(EXERCISE MATERIAL begins)

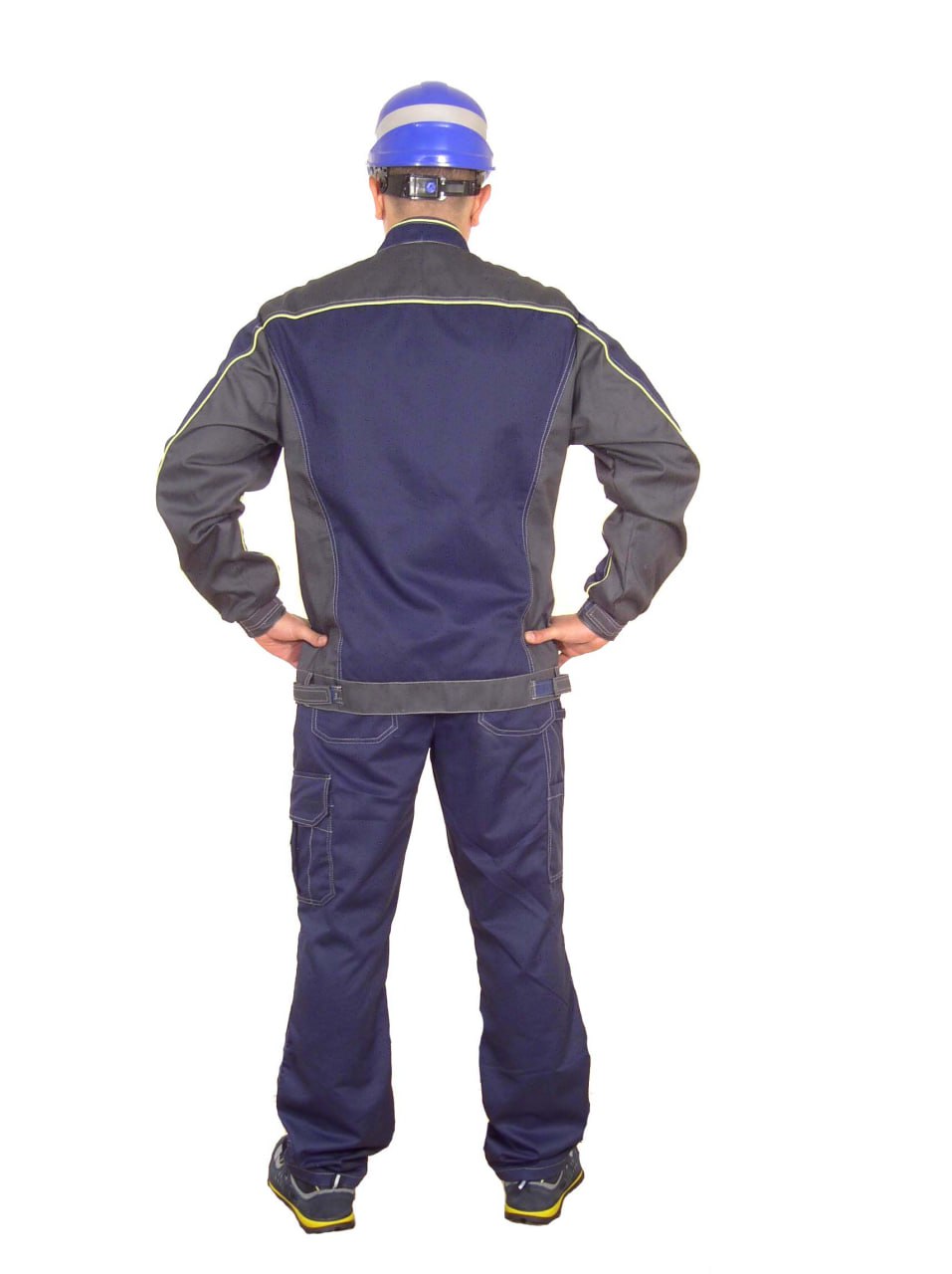 Цвет: основной темно-синий в сочетании с серым. Двойная отстрочка швов и основных элементов светло серой контрастной усиленной нитью.
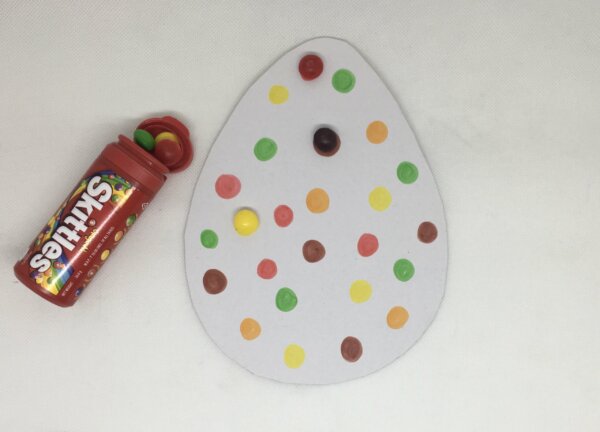 Cut out a big Easter egg from a white sheet of paper and add colored dots, in the same color as skittles, onto the egg using dot-to-dot markers.
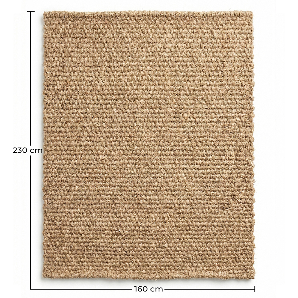 Grazie alle sue dimensioni di 230x160cm, è ideale come tappeto da soggiorno, tappeto per terrazza coperta, tappeto da veranda, tappeto da ingresso o anche come tappeto decorativo per sala da pranzo. La sua finitura in tono naturale si fonde facilmente con stili nordici, rustici, mediterranei o boho.
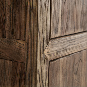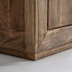 El armario Norvik de VICAL está fabricado en madera de olmo marrón. Un diseño imponente que aporta calidez y fuerza natural al espacio.
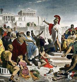 Είστε οι πρώτοι και καλύτεροι στο να γοητεύεστε με καινούρια σχήματα λόγου και στο να αντιδράτε σε δοκιμασμένα επιχειρήματα. Είστε δούλοι κάθε παραδοξολογίας και περιφρονείτε καθετί το συνηθισμένο. Θα έλεγε κανείς ότι είστε σε αναζήτηση ενός άλλου κόσμου από εκείνον στον οποίον ζούμε και ότι δεν μπορείτε να κρίνετε σύμφωνα με την πραγματικότητα. Σας παρασύρει η ευχαρίστηση που προκαλούν τα ωραία λόγια και μοιάζετε περισσότερο με ανθρώπους που παρακολουθούν μια συζήτηση σοφιστών, παρά με πολίτες που συσκέπτονται για τα ζητήματα της πολιτείας». Μας θυμίζει μήπως κάτι;
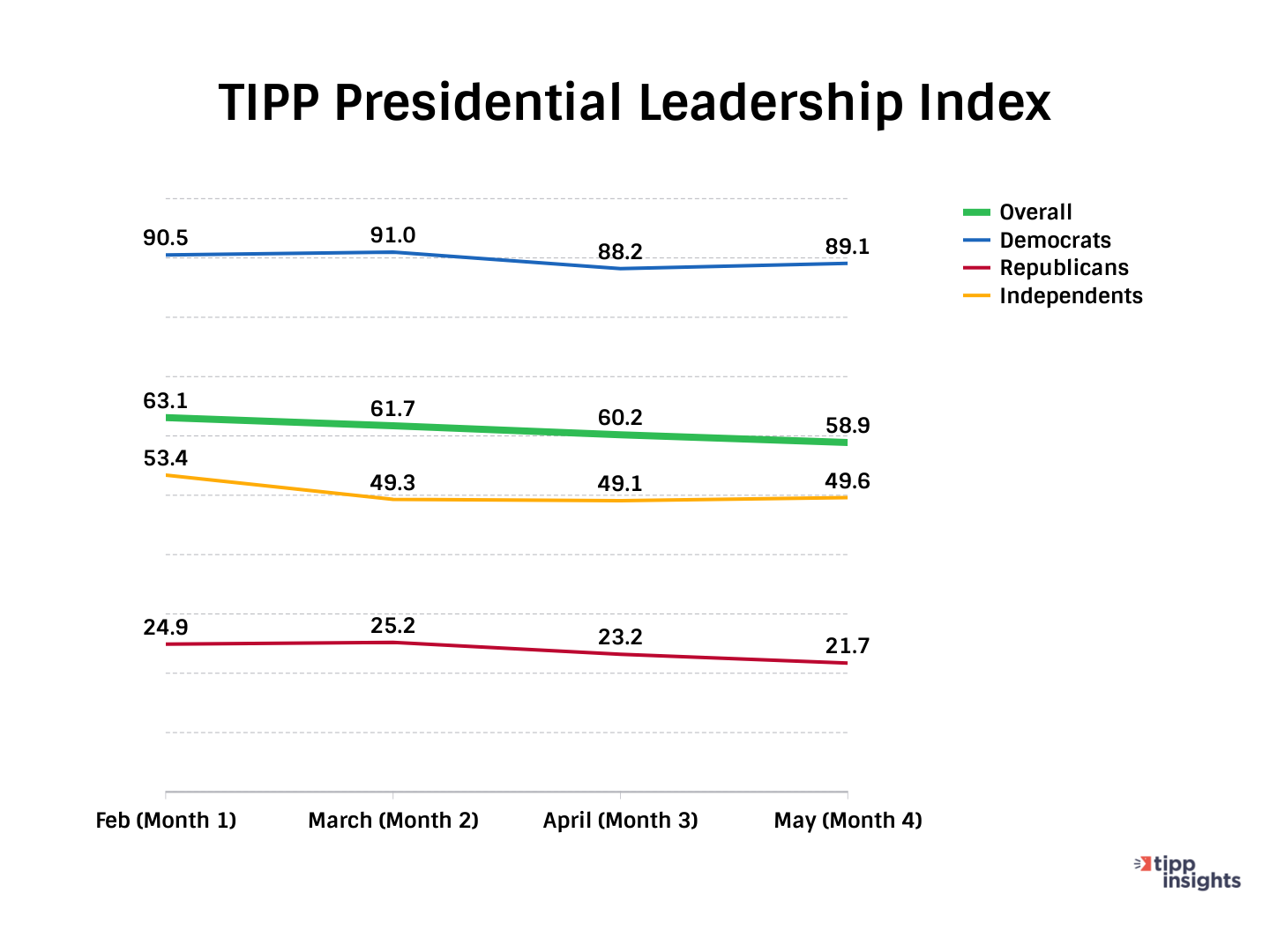 President Biden's approval rating remains strong despite a slight decline from April. It is the third consecutive month of decline.
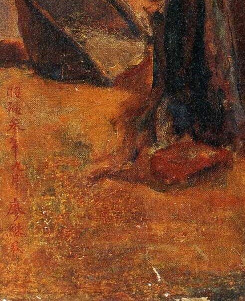 畫家——廖繼春(1902–1976)藉由影子,將整幅畫作的顏色、空間等要素緊密相連,彼此相輔相成,營造出和諧而層次豐富的視覺效果。創作過程需要理性的布局,且每一筆都要思考對畫面整體的影響,但是仔細注意陰影的色塊,會發現他在描繪的過程中並非一次到位,相反,從陰影中細微複雜的色彩變化,以及筆觸帶動的凹凸紋理痕跡,可以看出他花費很多心力修飾,並且不斷地堆砌、塗抹,於極其細膩的微調下才完成。「他特地選擇臺南住家前有香蕉樹的庭院為大作的題材,在刻意求精下,從初稿的構想到賦彩完成,總共花了一年多的時間。」(註2)直到逼近寄送作品至日本東京參加帝展的期限,才在畫作左下角以謹慎而方整的楷書一筆一畫地寫下「昭和參年九月 廖繼春」。
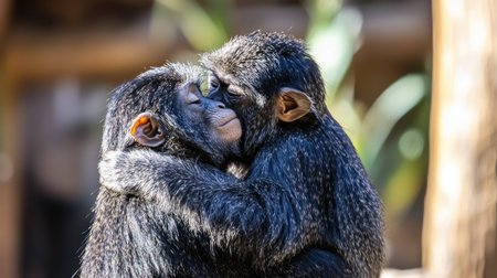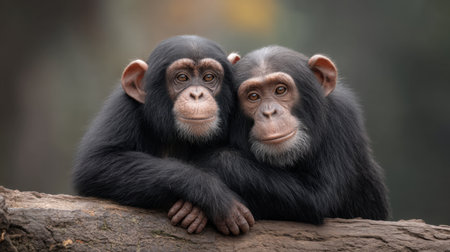 Two charming chimpanzees sit closely together on a branch, showcasing their strong bond and affection in a serene natural setting filled with soft light.
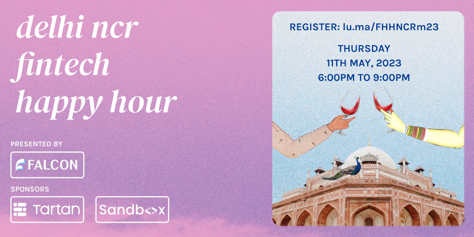 We're hosting our Delhi NCR Fintech Happy Hour presented by Falcon on Thur, 11th May, 2023! Nobody thinks Delhi NCR has a thriving fintech ecosystem - let's prove them wrong! Register with the link below and see you on Thursday!
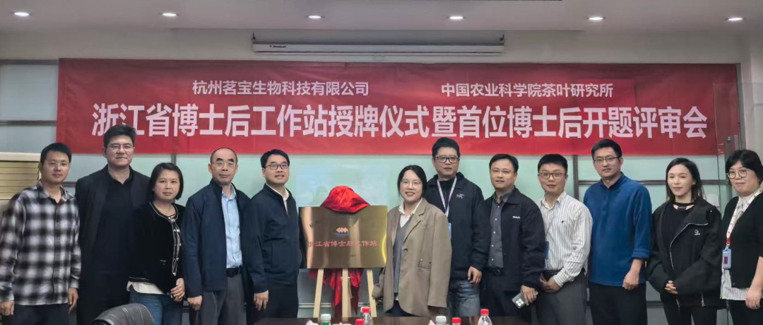 11月1日,浙江省博士后工作站授牌仪式暨首位博士后开题评审会在杭州茗宝生物科技有限公司举行。余杭区人力资源和社会保障局人才开发科张远进主任,浙江大学、浙江工业大学、浙江工商大学、中国农业科学院茶叶研究所等高校和科研院所专家教授,杭州茗宝董事长及班子成员和首位进站博士后共同参会。

(EXERCISE MATERIAL ends)

▸ PROBLEM DETAILS: Without copying the pictures, transcribe the entries exactly.

▸ PROBLEM SOLUTION:
 Цвет: основной темно-синий в сочетании с серым. Двойная отстрочка швов и основных элементов светло серой контрастной усиленной нитью.
 Cut out a big Easter egg from a white sheet of paper and add colored dots, in the same color as skittles, onto the egg using dot-to-dot markers.
 Grazie alle sue dimensioni di 230x160cm, è ideale come tappeto da soggiorno, tappeto per terrazza coperta, tappeto da veranda, tappeto da ingresso o anche come tappeto decorativo per sala da pranzo. La sua finitura in tono naturale si fonde facilmente con stili nordici, rustici, mediterranei o boho.
 El armario Norvik de VICAL está fabricado en madera de olmo marrón. Un diseño imponente que aporta calidez y fuerza natural al espacio.
 Είστε οι πρώτοι και καλύτεροι στο να γοητεύεστε με καινούρια σχήματα λόγου και στο να αντιδράτε σε δοκιμασμένα επιχειρήματα. Είστε δούλοι κάθε παραδοξολογίας και περιφρονείτε καθετί το συνηθισμένο. Θα έλεγε κανείς ότι είστε σε αναζήτηση ενός άλλου κόσμου από εκείνον στον οποίον ζούμε και ότι δεν μπορείτε να κρίνετε σύμφωνα με την πραγματικότητα. Σας παρασύρει η ευχαρίστηση που προκαλούν τα ωραία λόγια και μοιάζετε περισσότερο με ανθρώπους που παρακολουθούν μια συζήτηση σοφιστών, παρά με πολίτες που συσκέπτονται για τα ζητήματα της πολιτείας». Μας θυμίζει μήπως κάτι;
 President Biden's approval rating remains strong despite a slight decline from April. It is the third consecutive month of decline.
 畫家——廖繼春(1902–1976)藉由影子,將整幅畫作的顏色、空間等要素緊密相連,彼此相輔相成,營造出和諧而層次豐富的視覺效果。創作過程需要理性的布局,且每一筆都要思考對畫面整體的影響,但是仔細注意陰影的色塊,會發現他在描繪的過程中並非一次到位,相反,從陰影中細微複雜的色彩變化,以及筆觸帶動的凹凸紋理痕跡,可以看出他花費很多心力修飾,並且不斷地堆砌、塗抹,於極其細膩的微調下才完成。「他特地選擇臺南住家前有香蕉樹的庭院為大作的題材,在刻意求精下,從初稿的構想到賦彩完成,總共花了一年多的時間。」(註2)直到逼近寄送作品至日本東京參加帝展的期限,才在畫作左下角以謹慎而方整的楷書一筆一畫地寫下「昭和參年九月 廖繼春」。
 Two charming chimpanzees sit closely together on a branch, showcasing their strong bond and affection in a serene natural setting filled with soft light.
 We're hosting our Delhi NCR Fintech Happy Hour presented by Falcon on Thur, 11th May, 2023! Nobody thinks Delhi NCR has a thriving fintech ecosystem - let's prove them wrong! Register with the link below and see you on Thursday!
 11月1日,浙江省博士后工作站授牌仪式暨首位博士后开题评审会在杭州茗宝生物科技有限公司举行。余杭区人力资源和社会保障局人才开发科张远进主任,浙江大学、浙江工业大学、浙江工商大学、中国农业科学院茶叶研究所等高校和科研院所专家教授,杭州茗宝董事长及班子成员和首位进站博士后共同参会。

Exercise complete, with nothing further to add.